Loïca Lambert, avocate des deux associations, précise l’enjeu de l’affaire : « La Constitution prévoit que seul le Parlement peut décider de restreindre nos droits fondamentaux et de sanctionner des comportements par la voie pénale. Le but est de garantir qu’un débat démocratique puisse avoir lieu. Le rôle du gouvernement se limite à l’exécution de ce qui a été décidé par le Parlement.
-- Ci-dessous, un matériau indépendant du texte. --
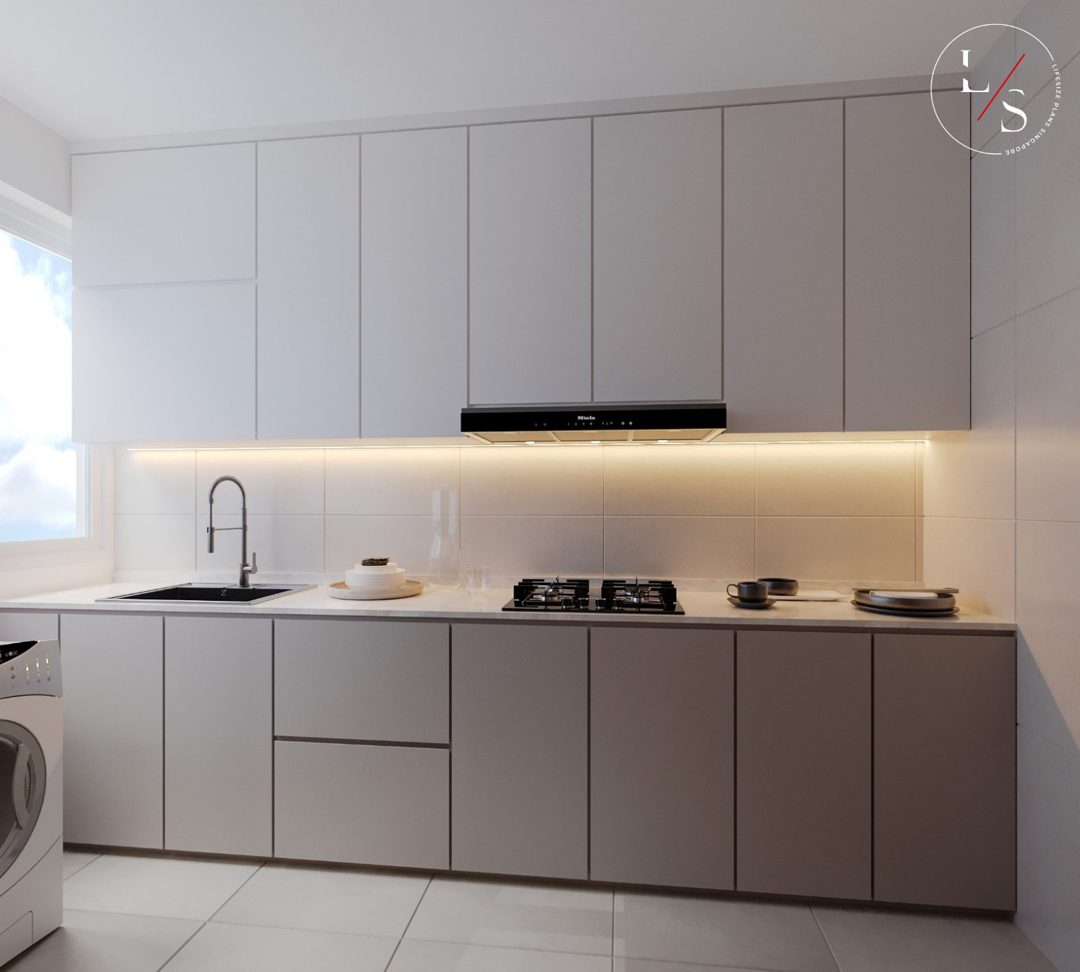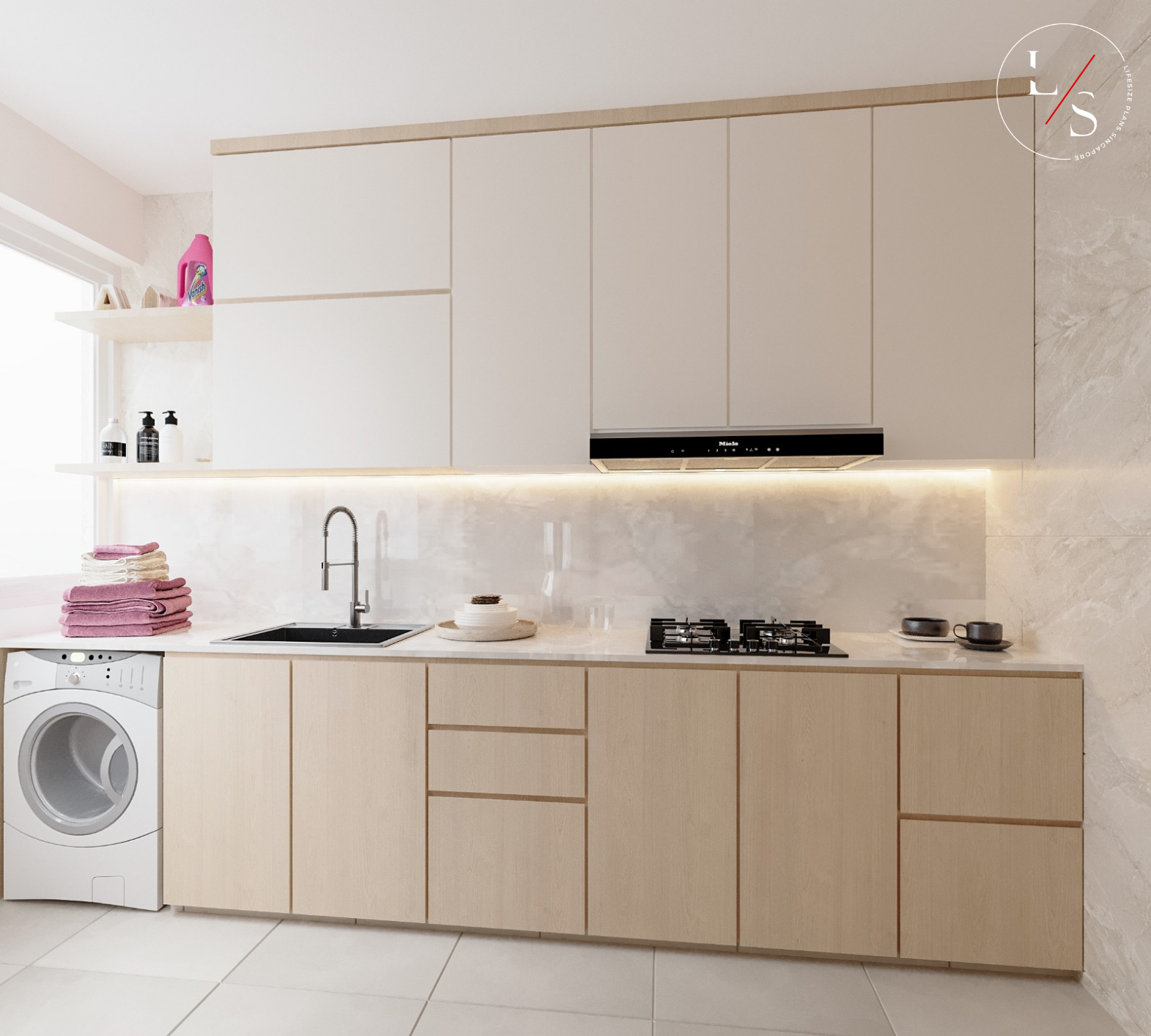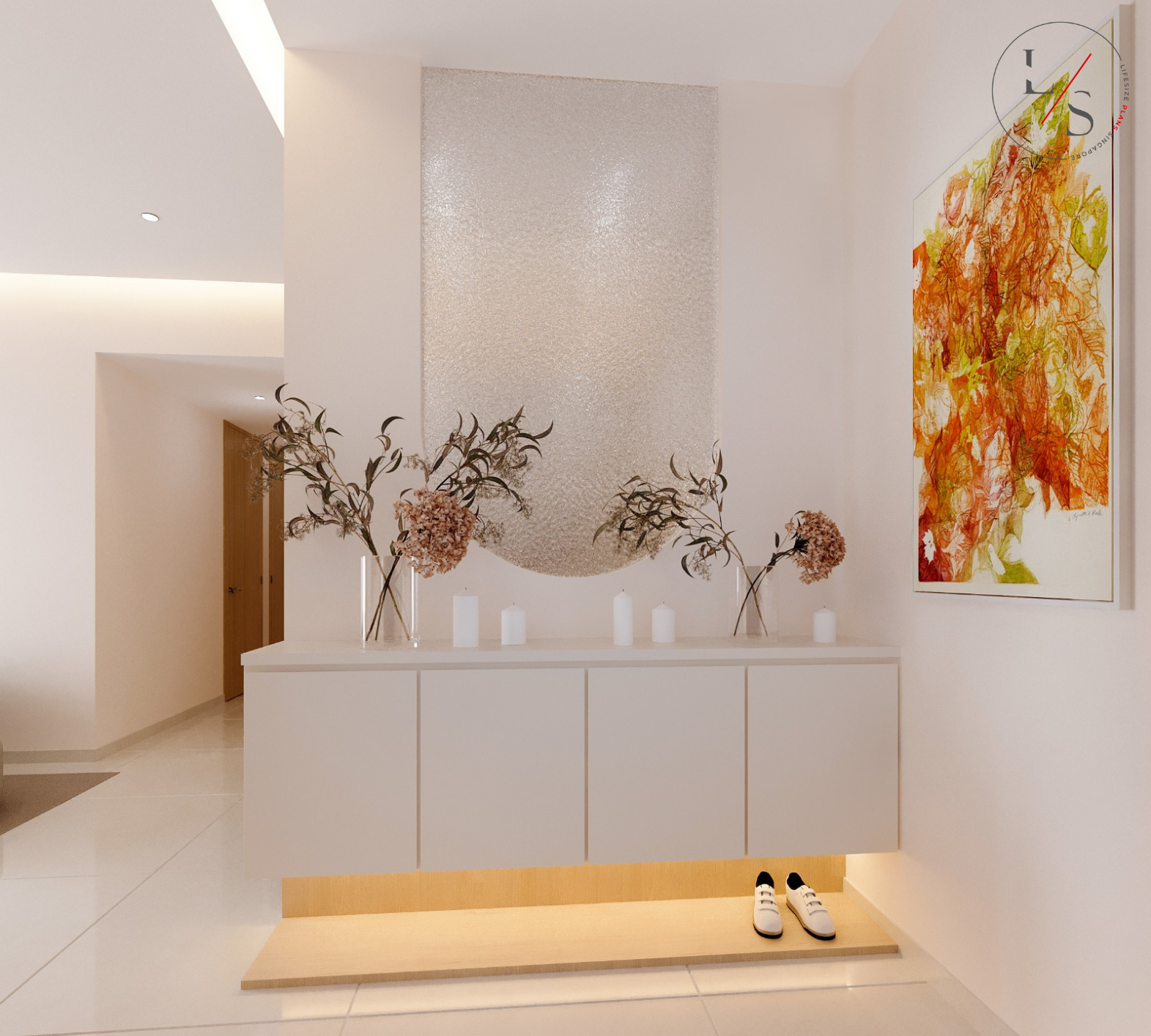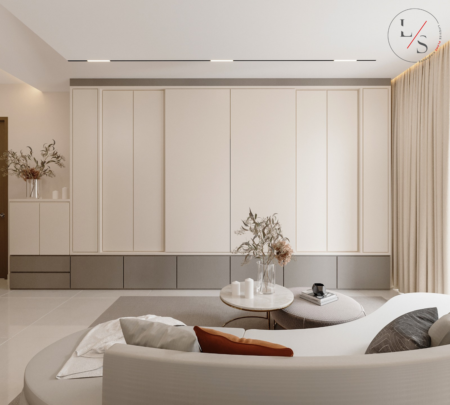 This Sol Acres residence embraces a soothing minimalist palette, where soft beige hues, curved wall panels, and warm cove lighting come together to create a deeply comforting atmosphere. The feature wall becomes the focal point of the home — a sculptural combination of arched panels and illuminated display niches that blend functionality with modern elegance.

Ici, le ministre prétendait qu’une loi sur la sécurité civile lui permettait de prendre seul des mesures telles que l’obligation de rester chez soi ou l’interdiction de voir ses proches. Nous soutenons devant la Cour constitutionnelle que cette loi ne prévoit rien de tout cela. Il est inacceptable au regard de notre Constitution qu’un ministre ait pu agir seul pendant plus d’un an sans y être autorisé par le Parlement ».

Changer le cours de certains dossiers

La décision de la Cour constitutionnelle est très attendue. A Bruxelles, elle pourrait par exemple changer le cours de plus de 2000 dossiers liés à ces mesures de confinement encore en cours de traitement. Ces enjeux nous paraissent désormais éloignés mais ils sont essentiels : l’urgence de gestion d’une crise ne peut pas écraser les droits fondamentaux. C’est par ailleurs pour cette raison que la Ligue des droits humains et la Liga voor Mensenrechten avaient introduit le 21 février 2022 un recours en annulation contre “la loi pandémie” pour s’assurer que les droits et libertés fondamentaux soient respectés en temps de crise.